人们脸上都是欢喜的,街上是繁华的,人们似乎除了平常的购物之外,更多的似乎都在年购,个个怀里抱的,都是些大红色的物品。
“咦?那是什麽?”忍禁不住,我指著不远处的一摊位问,这一问完我就想咬掉自己的舌头,自己这不是没话找话麽?
孰不知,身边的男人似乎也没想什麽,顺著我的手看到那摊,便答:“那是提诗。”
“提诗?”我不解。
“今日是小年,提诗提的好,可以得到一份‘团圆’。”池中寒边解释,边拉我过去,围观的人还是挺多的,不知是不是池中寒的气场强了些,围观的人竟然让出条道让我们挤到了前头。
所谓‘提诗’,其实不过是给店家起一副对子或诗,然後换取一份‘团圆’;在小年,几乎每家每户都会食用‘团圆’,意味著一年里都能团团圆圆;大家求的,也不过是一份心意。
我抬首看身边的池中寒,“你要提诗吗?”他堂堂一王爷也会在意这些民间玩意儿?
围观的人本来就被池中寒的出现给吸了注意,这会儿,他还不恶劣地笑得倾国倾城,我很明显地听到了阵阵的抽气声,不禁就白了他一眼。
“拖儿想要吗?”
“这……”我们家也有吃‘团圆’的习惯,但都直接自己做或买就成了,对联子作诗来换,还是头一回听说,被这麽一问,我倒不知怎麽回答了。

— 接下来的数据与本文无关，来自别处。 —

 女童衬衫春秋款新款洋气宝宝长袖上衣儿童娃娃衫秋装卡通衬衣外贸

“二位公子,既然有雅兴,那就提两句尽尽兴呗。”摊档店家笑得喜气,看著也不是什麽势力之人,还带了份书生气息。
我朝那店家歉意一笑,表示我就不参与了,身边的池中寒却不管我,自己在那边握了笔,已开始提字。我极少见他写东西,所以当看到他笔下龙飞凤舞的字时,不禁还是看的入神。

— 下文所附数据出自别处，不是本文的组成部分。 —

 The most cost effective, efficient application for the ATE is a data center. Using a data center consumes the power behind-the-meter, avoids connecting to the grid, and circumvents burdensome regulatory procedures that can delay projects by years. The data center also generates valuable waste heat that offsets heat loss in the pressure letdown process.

“好了,不知这两句可否换一份?”帅气地收了笔,池中寒笑得谦谦君子,朝那店家问道,又引得围观之人阵阵唏嘘。
很显然,连那看似什麽大场面都见过的店家都愣了好一会,才尴尬地回魂,笑得有些不自然:“……行、行,当然是行的!公子这副好字联……”那店家垂首看那联子时,竟然再次惊呆了。
池中寒也不管,拎起那份‘团圆’交到我手中,便带我离开人群;还能听闻身後那些惊叹与称好声。
抬首,愣愣地看著这个一派从容自在的男人,我是有些想不透了,他这麽做,倒底是为何?
此情未待成追忆,只是如今已惘然──他提的是这两句,那是我晕迷前,脑里出现的句子,我不知为什麽会出现在他笔下。
觉得,手中的‘团圆’又重了几分。
二人就这麽沈默地走了一段路,我还沈浸在自己的思绪之中,听闻身边响起声音:“怎麽没精神?我以为你喜欢出来玩。”
听罢,我一愣,平时是很喜欢出来玩,但……不是身边跟著他。
垂了眸,“我喜不喜欢,并不重要,不是吗?”他总是一意孤行,想做什麽就什麽,从来不会在意别人的看法,更不会在意别人愿不愿意,如今又何必在意我喜不喜欢?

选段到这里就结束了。